The limit property of the reranker object allows you to have more granular control over the number of results returned after reranking. This limit is applied per each reranking stage, such as if you use chain reranking, and this limit affects the output and not the input to the reranker. When you apply this limit to the Multilingual reranker (Slingshot), Maximal Marginal Relevance (MMR) reranker, or User Defined Function reranker, it performs the following steps:

  1. Applies score cutoff, if specified.
  2. Reranks all input results based on the selected reranker.
  3. Eliminates results that return null scores. Null scores are only returned deliberately by the User Defined Function reranker. For example, you want to eliminate some search results, have the UDF return null.
  4. Sorts the reranked results based on their new scores.
  5. Returns the top N results, where N is the value specified by this limit.

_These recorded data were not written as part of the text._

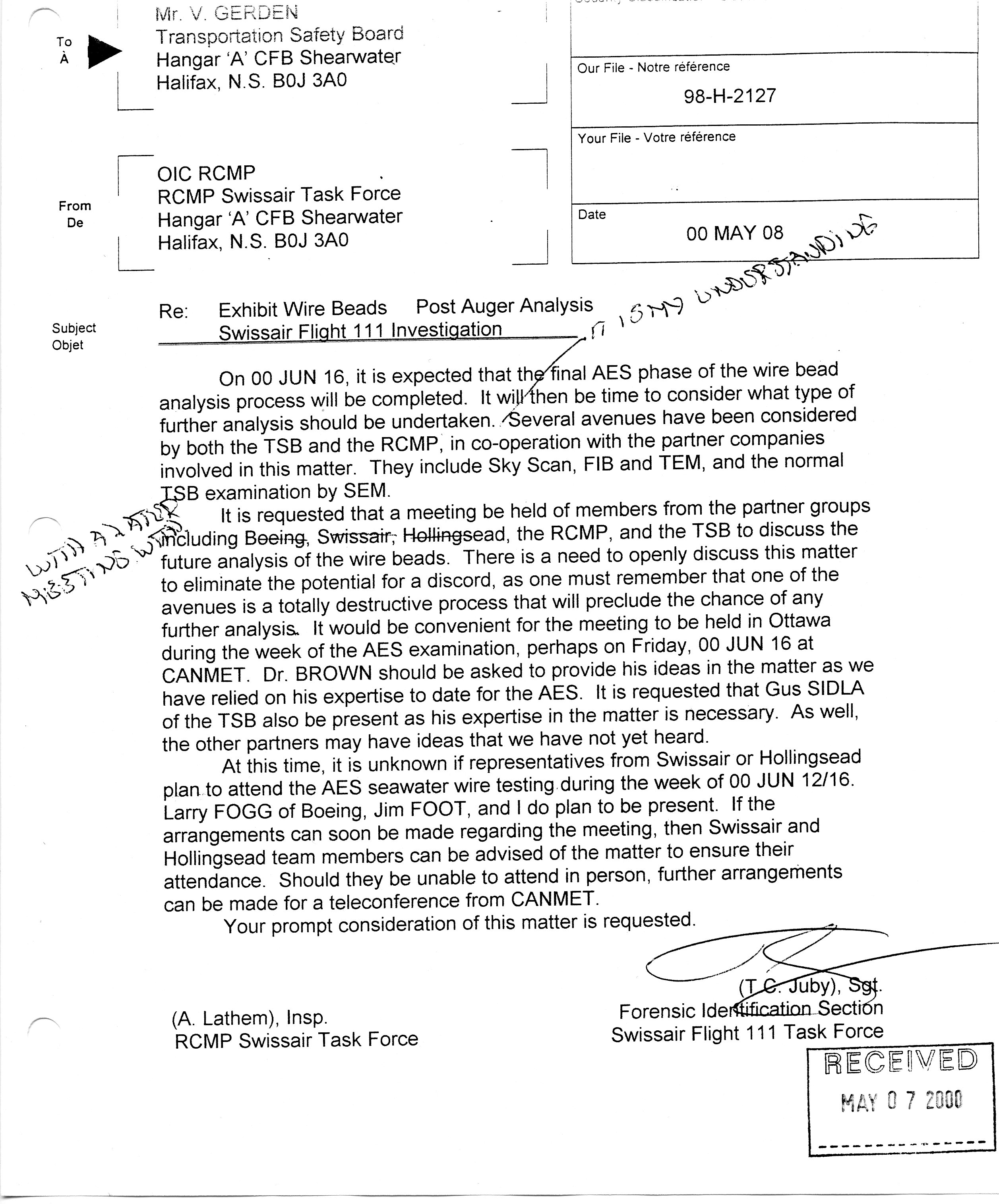 My memo called for a meeting with the TSB
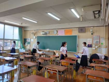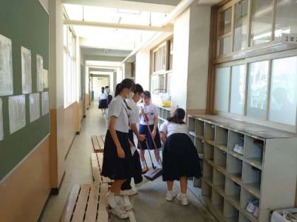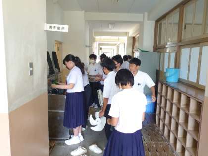 2年生の皆さんが手洗い場に集まってきました。教室のエアコンフィルターと換気扇の羽根を水洗いするとのこと。2学期も快適に過ごせるよう、しっかりと洗ってくださいね。
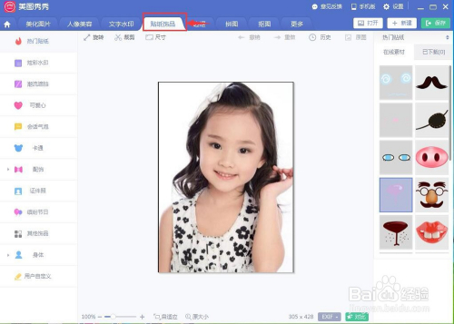 总结:先打开美图秀秀软件,载入需要的图片,然后在贴纸饰品菜单中添加需要的贴纸饰品类型。
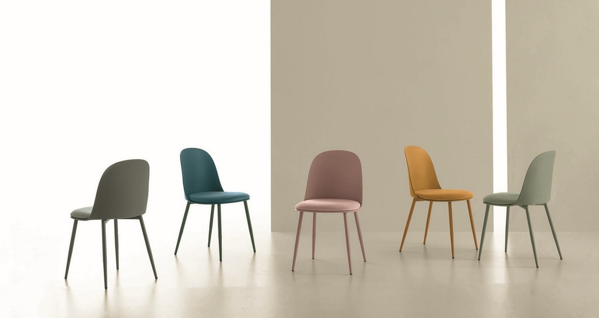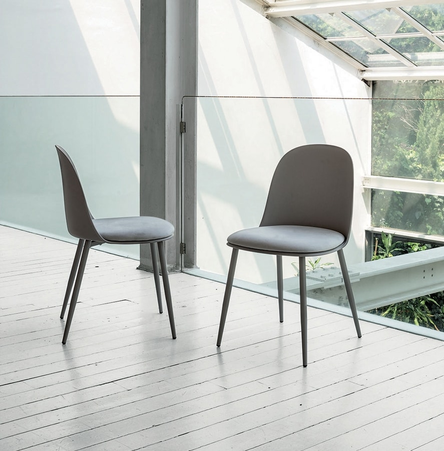 Sedia in polipropilene con cuscino imbottito e rivestito in morbida microfibra effetto velluto.
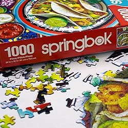 Satisfy your visual and culinary cravings with this delectable taco tray puzzle, brimming with the finest ingredients and a diverse array of toppings to elevate your dining experience. As you assemble this engaging puzzle, your eyes will feast on a colorful palette of spices and toppings, creating a visual fiesta that tantalizes your palate. Unique Cut and Perfectly Fit Pieces: Our precision-cut pieces are never repeated and are thicker than standard, ensuring a seamless fit and a frustration-free puzzle experience. Stunning Artwork: Springbok delivers captivating designs with vibrant colors to elevate your puzzle experience. Choose from challenging images to peaceful, nostalgic prints that can be preserved and displayed with pride upon completion. Eco-Friendly and Premium Quality: Crafted in the USA using 100% recycled board material and non-toxic soy-based inks, Springbok puzzles are both environmentally conscious and built to last for years. Trusted and treasured since 1963. Made in the USA: Proudly manufactured in Kansas City, MO, Springbok puzzles are designed for family fun, offering endless entertainment and great get-together activities.
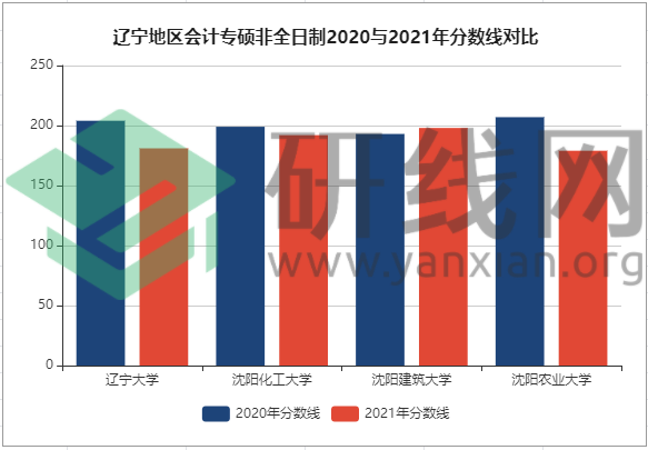 | 遼寧地區會計專碩非全日制2020與2021年分數線對比 | ||
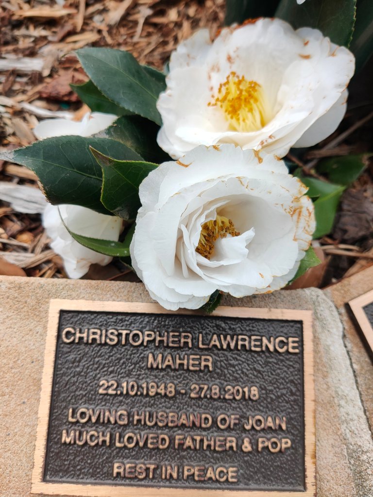 I don’t frequent Chris’s resting place on a regular basis although it’s good to have a place to come. I cherish what we had in my daily surroundings with everyday reminders of the life we shared, along with our treasured memories. I see that there is a recent plaque next to his now. Only two people visiting here in this section of the gardens and would you believe it’s the husband of Chris’s neighbour. I was initially annoyed that there wasn’t enough room for my flowers because all the floral tributes on his wife’s space encroached our space! We chatted as you do and he definitely puts me to shame with his twice a day visits.

Imagine a scenario where you want to limit the output of results to a reranker, whether a single reranker, or within rerankers that are in a chain. For example, you want to process blog posts and ignore non-blog posts. You would set up a UDF to filter for blog categories and return null score for non-blog content.

if (get('$.document_metadata.category') == 'blog') get('$.score') else null

This would remove non-blog posts from the results. Then you can set a limit of 10 to get only the top 10 blog post results.

Combine cutoffs and limits

Using both cutoffs and limits in a chain allows for more refined control over query results.

"reranker": {
"type": "chain",
"rerankers": [
"type": "userfn",
"user_function": "if (get('$.document_metadata.category') == 'blog') get('$.score') else null",
"limit": 10
"type": "customer_reranker",
"reranker_name": "Rerank_Multilingual_v1",
"cutoff": 0.5,
"limit": 3

This filters out non-blog content where the UDF reranker limits the output to 10, and sends these 10 results to the Vectara Multilingual reranker which both removes results with a score below 0.5 and returns the top 3 results from the remaining set.

Improve summarization

You can also improve LLM summarization by using cutoffs and limits. For example, filter out low-scoring results with a high threshold before sending them for summarization, which can improve the quality of the generated summary. This example uses both Slingshot and a User Defined Function to send only highly relevant and recent documents for summarization.

"reranker": {
"type": "chain",
"rerankers": [
"type": "customer_reranker",
"reranker_name": "Rerank_Multilingual_v1",
"cutoff": 0.75,
"limit": 10
"type": "userfn",
"user_function": "get('$.document_metadata.publish_ts')"
  1. The first stage in the chain filters out documents with scores lower than 0.75 and it also limits the results to 10.
  2. The next stage prioritizes documents based on their publish_ts value, which represents the publication timestamp.

You can also enable reranking in the Vectara console after navigating to the Query tab of a corpus and selecting Retrieval. Use this for exploration and experimenting with the API.